Centre County settles for $125K with woman who sued over medical care at jail
AI-generated summary reviewed by our newsroom.
- Centre County's insurer paid $125K to settle inmate medical care lawsuit.
- Judge ruled county holds liability despite outsourcing to PrimeCare Medical.
- PrimeCare faces multiple lawsuits; Centre County contract expires Dec. 31.
Centre County’s insurer agreed to pay $125,000 to settle a lawsuit brought by a woman who alleged she did not receive appropriate medical care while she was incarcerated at the county’s jail.
Few other details were available in the heavily redacted settlement the Centre Daily Times obtained Friday through a Right-to-Know request. It was signed Aug. 11, the same day a U.S. magistrate judge OK’d the lawsuit’s dismissal.
Jessica Tressler, 35, of Centre Hall, claimed she was subjected to “abhorrent” conditions and “shameful” actions by corrections officers and medical staff during her 17-day stay at the jail in April 2022. She was in the facility for a probation violation.
Complications prompted her to be flown by medical helicopter to Geisinger Medical Center in Danville, where she underwent emergency heart surgery and was hospitalized for nearly four months.
Tressler was not properly treated for opiate withdrawal and a urinary tract infection, attorney Brian Zeiger wrote in the lawsuit. Instead, he said she was labeled a “drug-seeking faker.”
She had “severely elevated” blood pressure and complained of back and kidney pain, but Zeiger said she received little or no medical care. At one point, she was found unconscious and was revived using smelling salts, Zieger wrote. She said in the lawsuit that she told staff she could not feel her legs and “begged” to go to the hospital.
During her brief stay, Tressler claimed she missed about 30 meals because she could not get out of bed and was left sitting in feces for five hours after requesting help.
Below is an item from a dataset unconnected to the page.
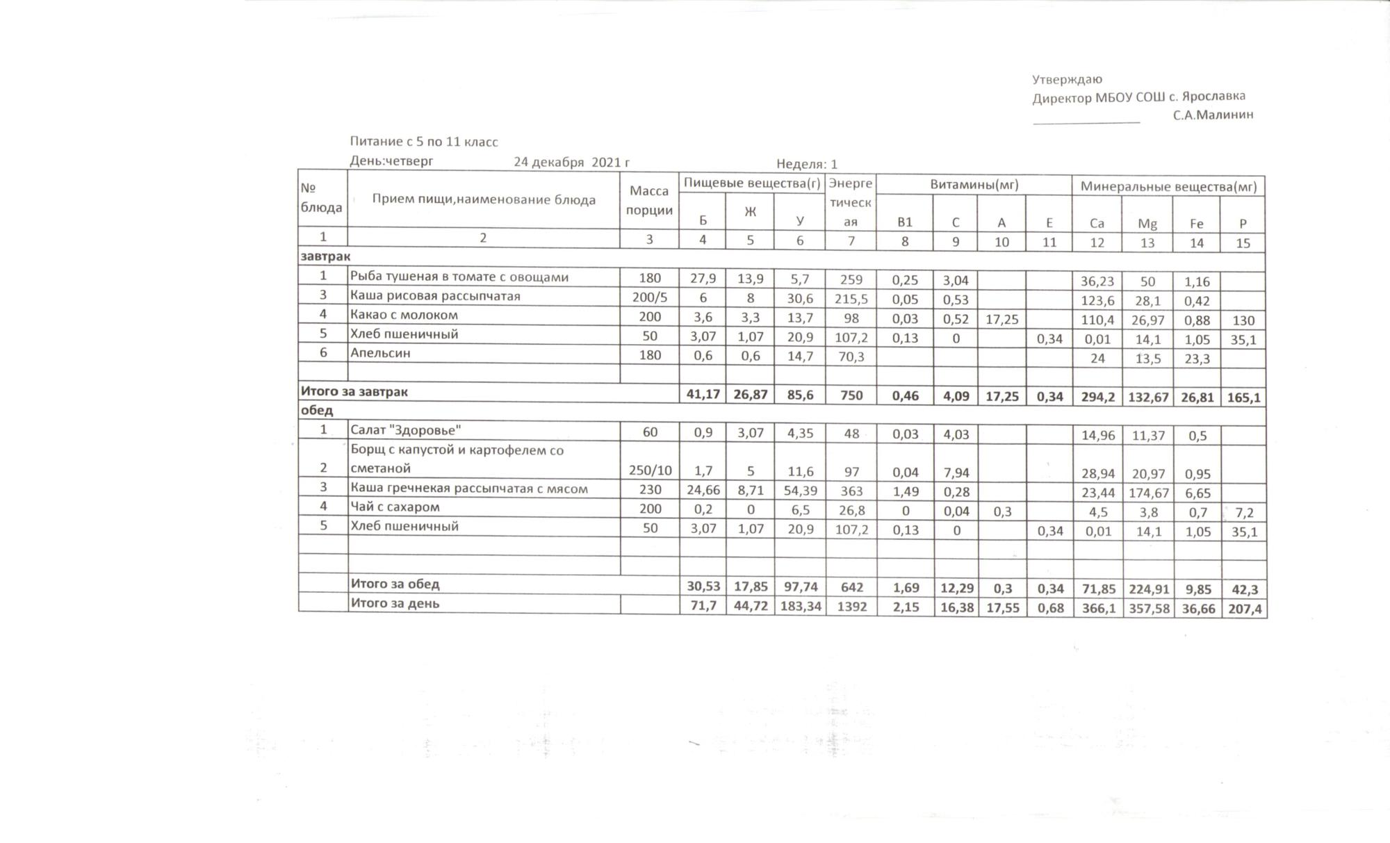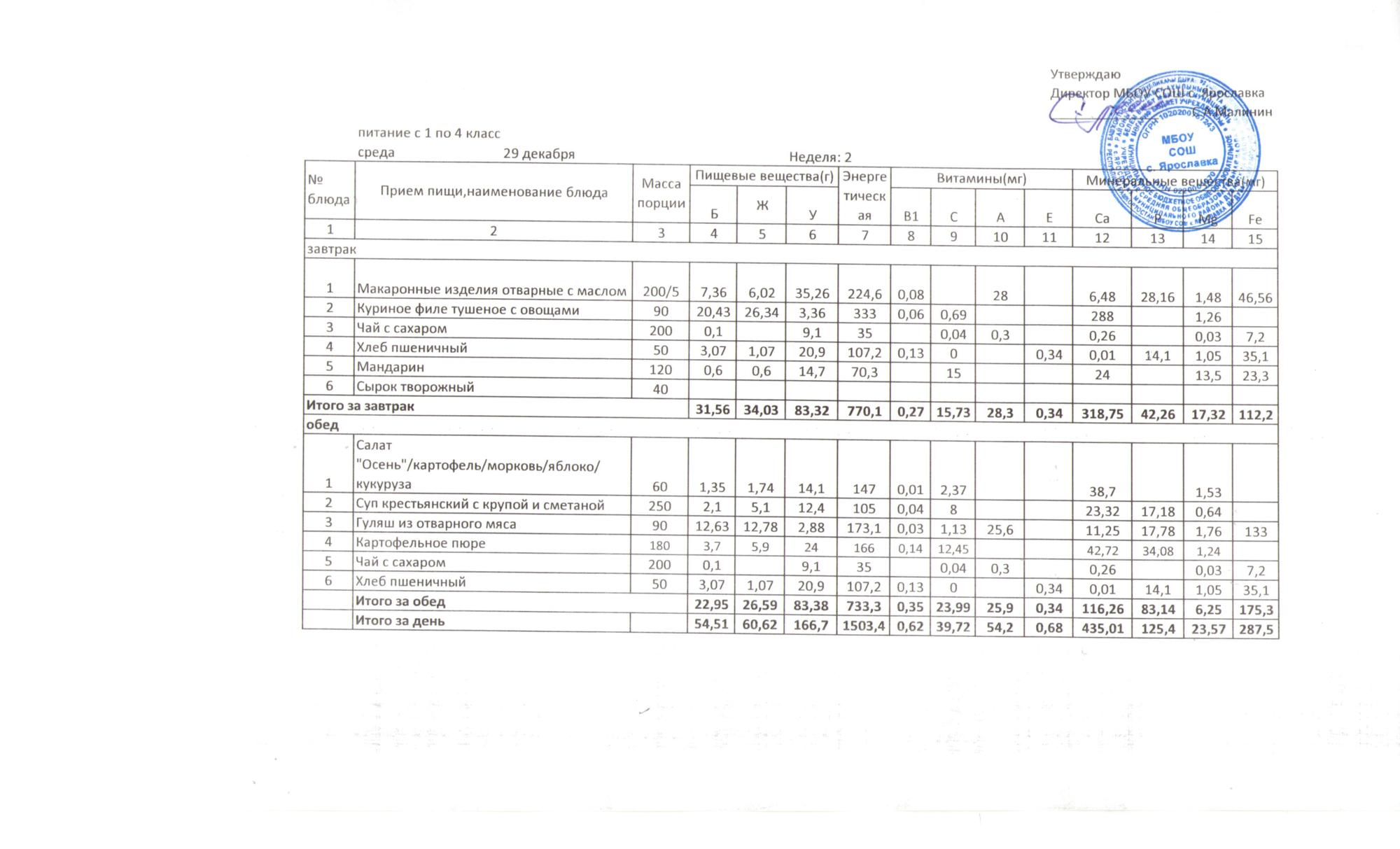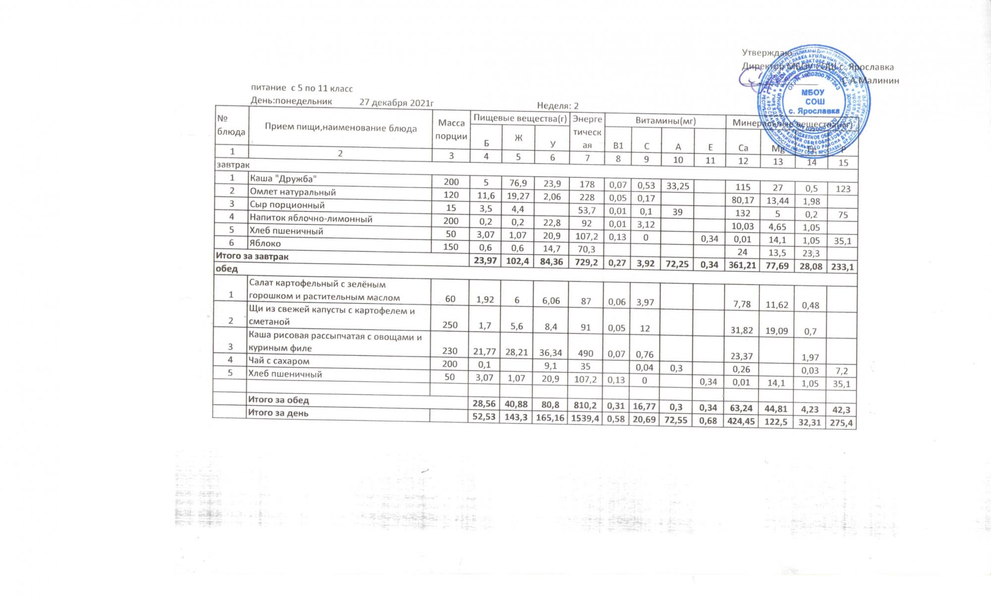 Утвержденные 10-дневные меню

Once she was transported to Mount Nittany Medical Center, Zeiger said she was diagnosed with internal bleeding, septic shock, a blood infection, pneumonia and endocarditis in two heart valves.
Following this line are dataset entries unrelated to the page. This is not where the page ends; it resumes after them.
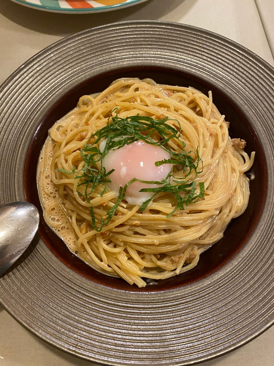 これは伊達鶏と八丁味噌のカルボナーラ🍝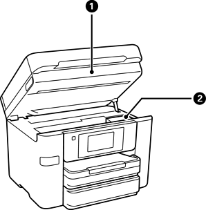 Scans placed originals. Open when replacing ink cartridges or removing jammed paper inside the printer.
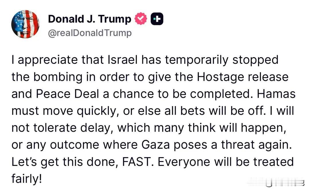 特朗普赞赏以色列暂时停止轰炸,以便为释放人质和达成和平协议提供完成的机会。哈马斯必须迅速行动,否则一切都将泡汤。他不会容忍拖延(许多人认为会出现这种情况),也不会容忍加沙再次构成威胁的任何结果。让我们尽快解决这件事。每个人都会得到公平对待!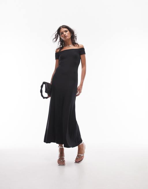 Topshop - Robe longue effet sculptante en tissu ultra doux avec encolure Bardot - Noir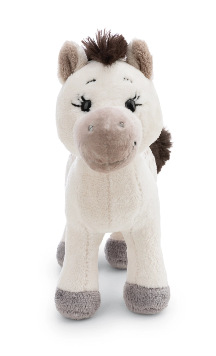 Il pony Mony incanta con il suo elegante manto bianco, la criniera e la coda marrone scuro e il delicato motivo maculato sulla groppa. Il design in posizione eretta e le cuciture di qualità garantiscono resistenza nell’uso quotidiano, mentre la superficie soffice invita a infinite coccole.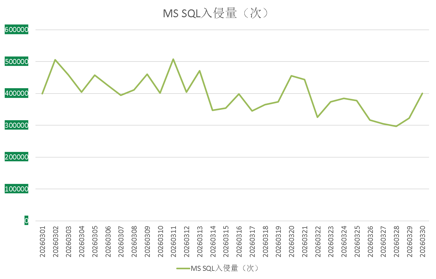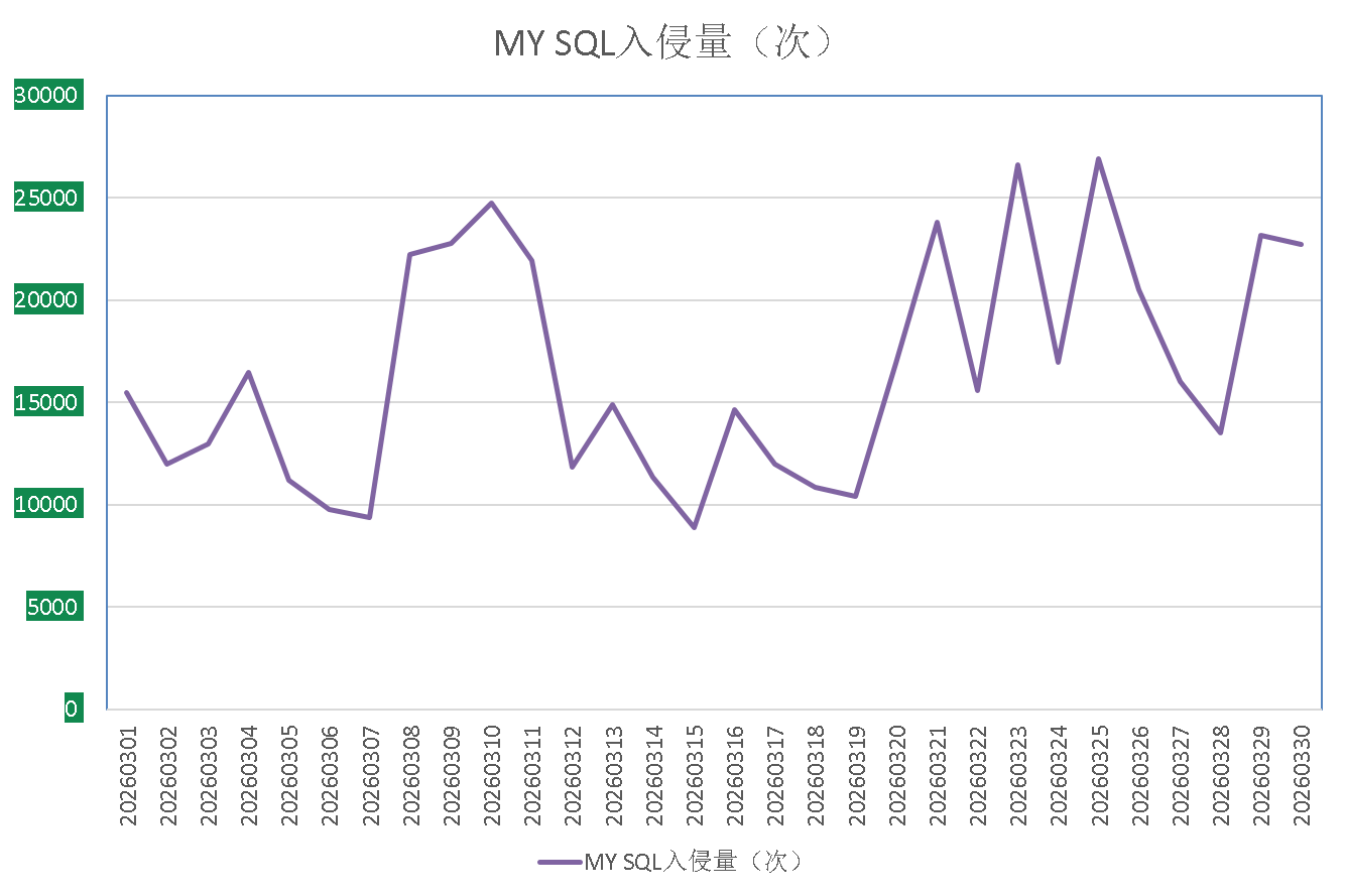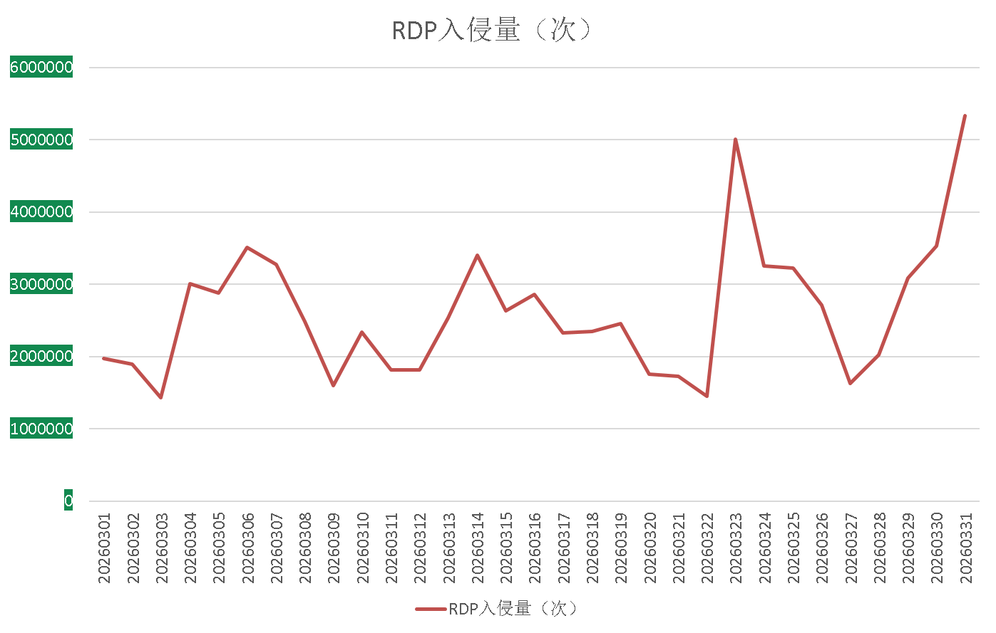 通过观察2026年3月弱口令攻击态势发现,RDP弱口令攻击、MYSQL弱口令攻击和MSSQL弱口令攻击整体无较大波动。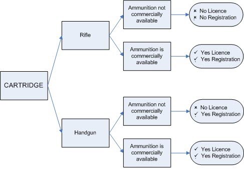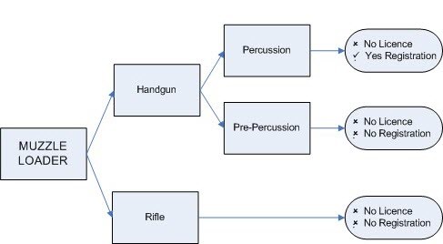 The diagram below provides a model for determining whether a firearm manufactured before 1901 requires a weapons licence or registration. Start by determining whether the firearm takes cartridge ammunition or is muzzle loading.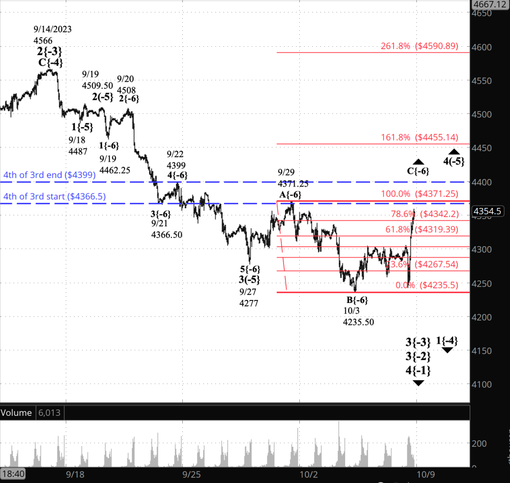 - Downtrending wave 5{-5} is underway, having begun on September 29 from 4371.25, the date the preceding wave 4{-5} ended. Internally, it is presently in an upward correction, wave 2{-6}.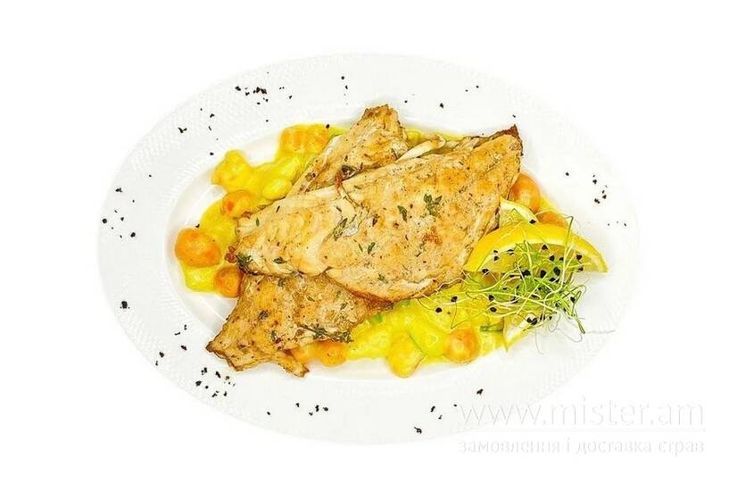 Філе дорадо, овочеве соте (морква-бейбі, цукіні, картопля) у вершковому соусі з креветками та м'ятою.

She was placed on a ventilator and ultimately had open heart surgery at Geisinger Medical Center to replace the two valves. She had a second heart surgery due to an infection, Zeiger wrote.
She had sought $25 million.
Centre County outsources medical care at the jail to PrimeCare Medical, a provider based in the Harrisburg area. The county’s five-year contract with PrimeCare was approved by the commissioners in 2021. It pays the company about $1.2 million this year.
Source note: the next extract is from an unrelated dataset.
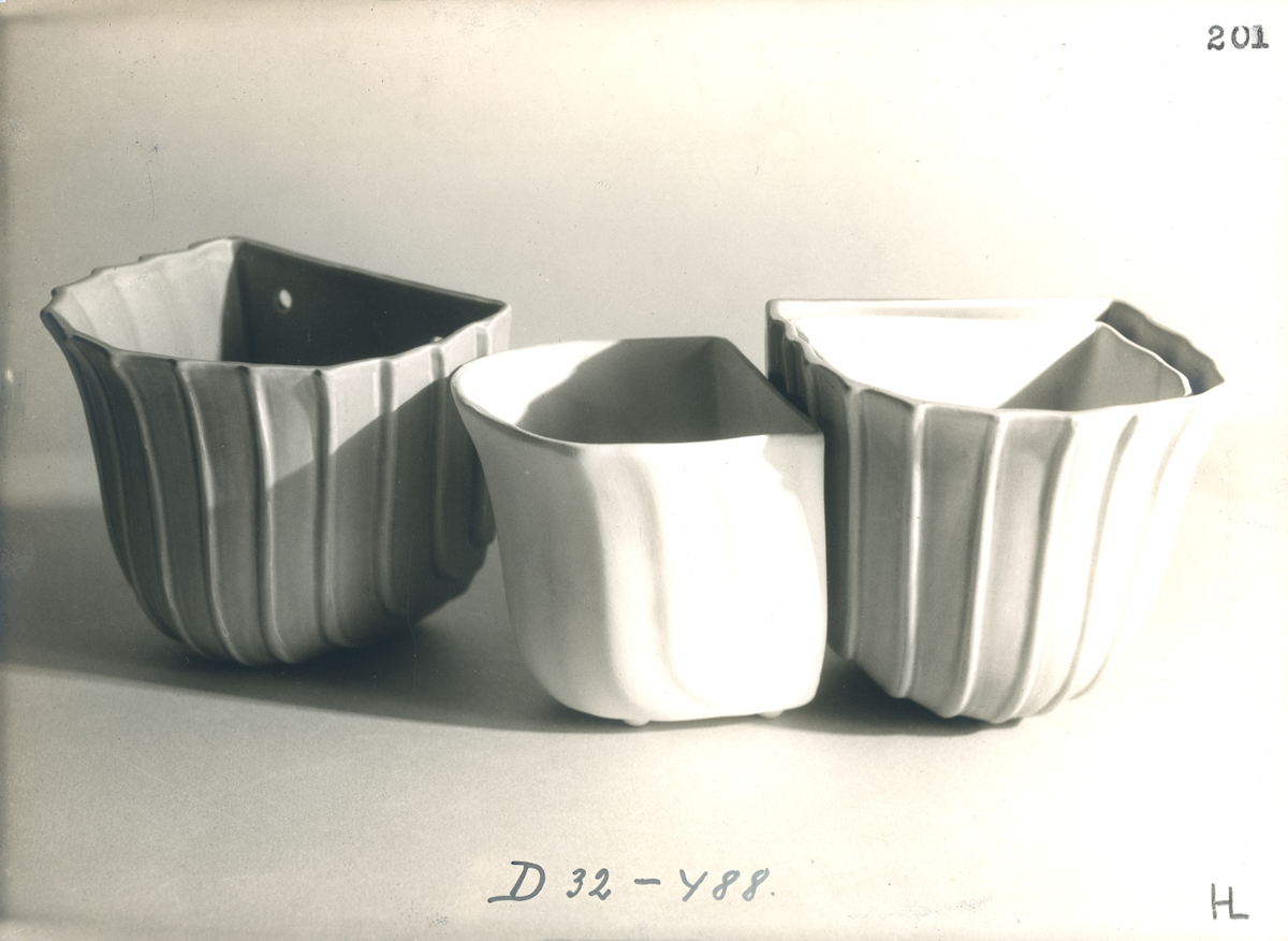 Väggvaser från Bo Fajans, formgivare Ewald Dahlskog, tidigt 1900-tal. Fotografiet är märkt med fotografens signatur i blyerts.

The county sought to have the lawsuit dismissed, but U.S. Magistrate Judge Susan E. Schwab rejected that argument in December. In a 47-page ruling, she said the county has a constitutional obligation to provide care.
“Centre County may also be suggesting that because it contracted with PrimeCare to provide medical care, it cannot be liable,” Schwab wrote. “If that is what it is suggesting, it is wrong.”
PrimeCare has been named in dozens of federal lawsuits since 2021, many of which allege the company was negligent in providing care to people while they were incarcerated. Centre County’s contract with PrimeCare is set to expire Dec. 31.
It was not immediately clear how the county plans to move forward with medical care at its jail. The county said Tuesday that substantive conversations will be had in the “near future” during budget season.
Dauphin and York counties ended their decades-long relationships with PrimeCare earlier this year, while Lehigh County’s decision-makers signed a new agreement — though it was not unanimous.